11

I am using Microsoft sharepoint. I have an url, by using that url I need to get total data like photos,videos,folders,subfolders,files,posts etc... and I need to store those data in database(Sql server). I am using python.

So,Please anyone suggest me how to do this and I am beginner for accessing sharepoint and working this sort of things.

sai
  • 151
  • 1
  • 2
  • 10
  • 2
    Welcome to stackoverflow! Can you please explain what you have tried and what methods have you started with? For a question to attract a proper answer, you need to key in your own efforts as well. – Karthick Mohanraj Jan 30 '20 at 05:27
  • I have taken url, using microsoft graph api, I tried to get the data which is present in that url, but I can't able to get data totally. when I opened that url I can see the information which I required but I am not getting any idea , how to get data and store in to my database. – sai Jan 30 '20 at 06:14

4 Answers4

16

Here's the starter code for connecting to share point through Python and accessing the list of files, folders and individual file contents of Sharepoint as well. You can build on top of this to suit your needs.

Please note that this method works for public Sharepoint sites that are accessible through internet. For Organisation restricted Sharepoint sites that are hosted on a Company's intranet, I haven't tested this code out.

You will have to modify the link to the Sharepoint file a bit since you cannot directly access a Sharepoint file in Python using the URL address of that file which is copied from the web browser.


from office365.runtime.auth.authentication_context import AuthenticationContext
from office365.sharepoint.client_context import ClientContext
from office365.sharepoint.files.file import File 

####inputs########
# This will be the URL that points to your sharepoint site. 
# Make sure you change only the parts of the link that start with "Your"
url_shrpt = 'https://YourOrganisation.sharepoint.com/sites/YourSharepointSiteName'
username_shrpt = 'YourUsername'
password_shrpt = 'YourPassword'
folder_url_shrpt = '/sites/YourSharepointSiteName/Shared%20Documents/YourSharepointFolderName/'

#######################



###Authentication###For authenticating into your sharepoint site###
ctx_auth = AuthenticationContext(url_shrpt)
if ctx_auth.acquire_token_for_user(username_shrpt, password_shrpt):
  ctx = ClientContext(url_shrpt, ctx_auth)
  web = ctx.web
  ctx.load(web)
  ctx.execute_query()
  print('Authenticated into sharepoint as: ',web.properties['Title'])

else:
  print(ctx_auth.get_last_error())
############################
  
  
  
  
####Function for extracting the file names of a folder in sharepoint###
###If you want to extract the folder names instead of file names, you have to change "sub_folders = folder.files" to "sub_folders = folder.folders" in the below function
global print_folder_contents
def print_folder_contents(ctx, folder_url):
    try:
       
        folder = ctx.web.get_folder_by_server_relative_url(folder_url)
        fold_names = []
        sub_folders = folder.files #Replace files with folders for getting list of folders
        ctx.load(sub_folders)
        ctx.execute_query()
     
        for s_folder in sub_folders:
            
            fold_names.append(s_folder.properties["Name"])

        return fold_names

    except Exception as e:
        print('Problem printing out library contents: ', e)
######################################################
  
  
# Call the function by giving your folder URL as input  
filelist_shrpt=print_folder_contents(ctx,folder_url_shrpt) 

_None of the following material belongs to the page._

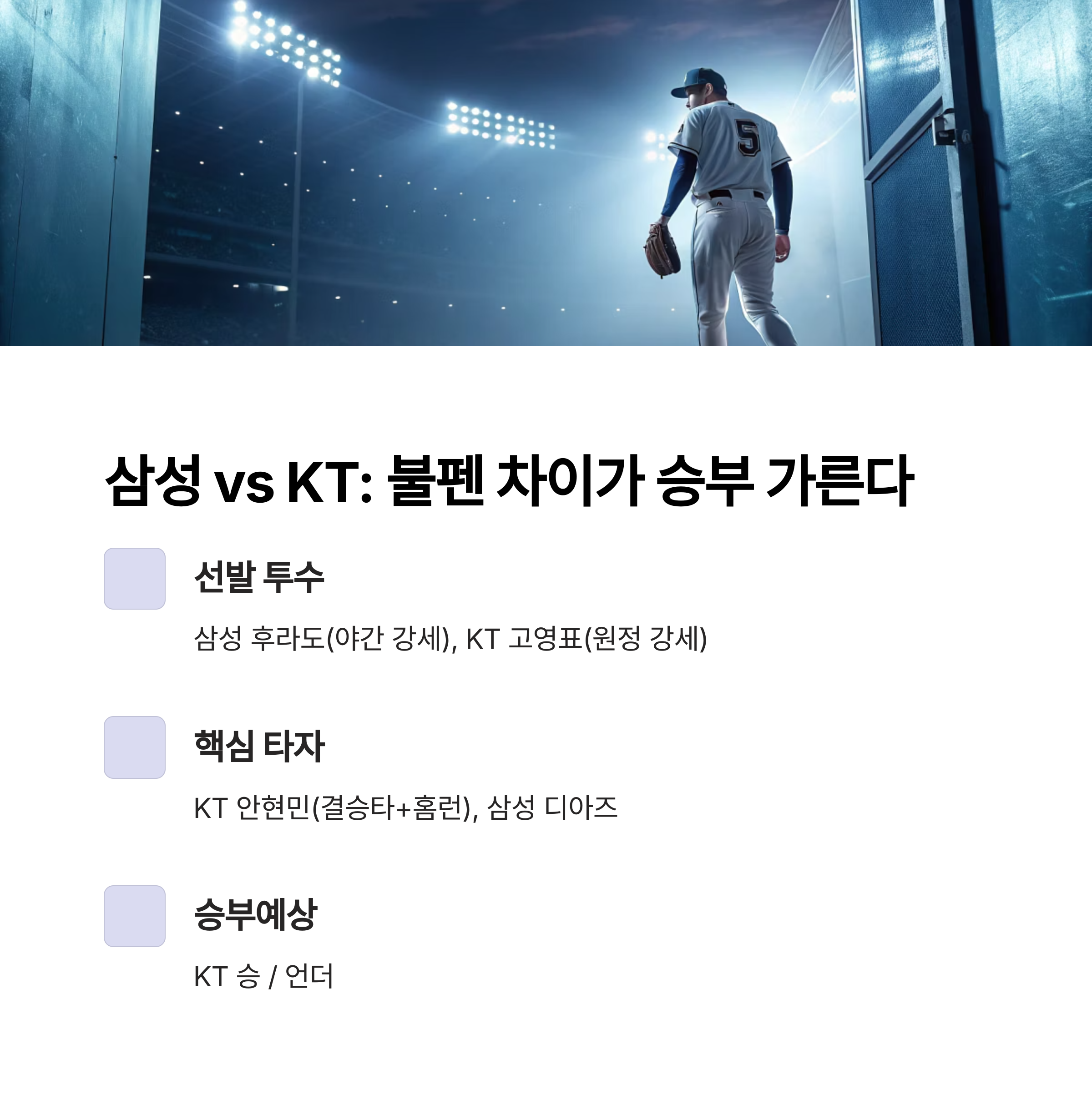 불펜 싸움에선 KT가 손동현-주권-김재윤 중심의 신뢰할 수 있는 승리조 운영이 강점입니다.

#Print the list of files present in the folder
print(filelist_shrpt)

Now that we are able to retrieve and print the list of files present in a particular folder in Sharepoint, below is the code to access the file contents of a particular file and save it to local disk having known the file name and path in Sharepoint.

#Specify the URL of the sharepoint file. Remember to change only the the parts of the link that start with "Your"
file_url_shrpt = '/sites/YourSharepointSiteName/Shared%20Documents/YourSharepointFolderName/YourSharepointFileName'

#Load the sharepoint file content to "response" variable
response = File.open_binary(ctx, file_url_shrpt)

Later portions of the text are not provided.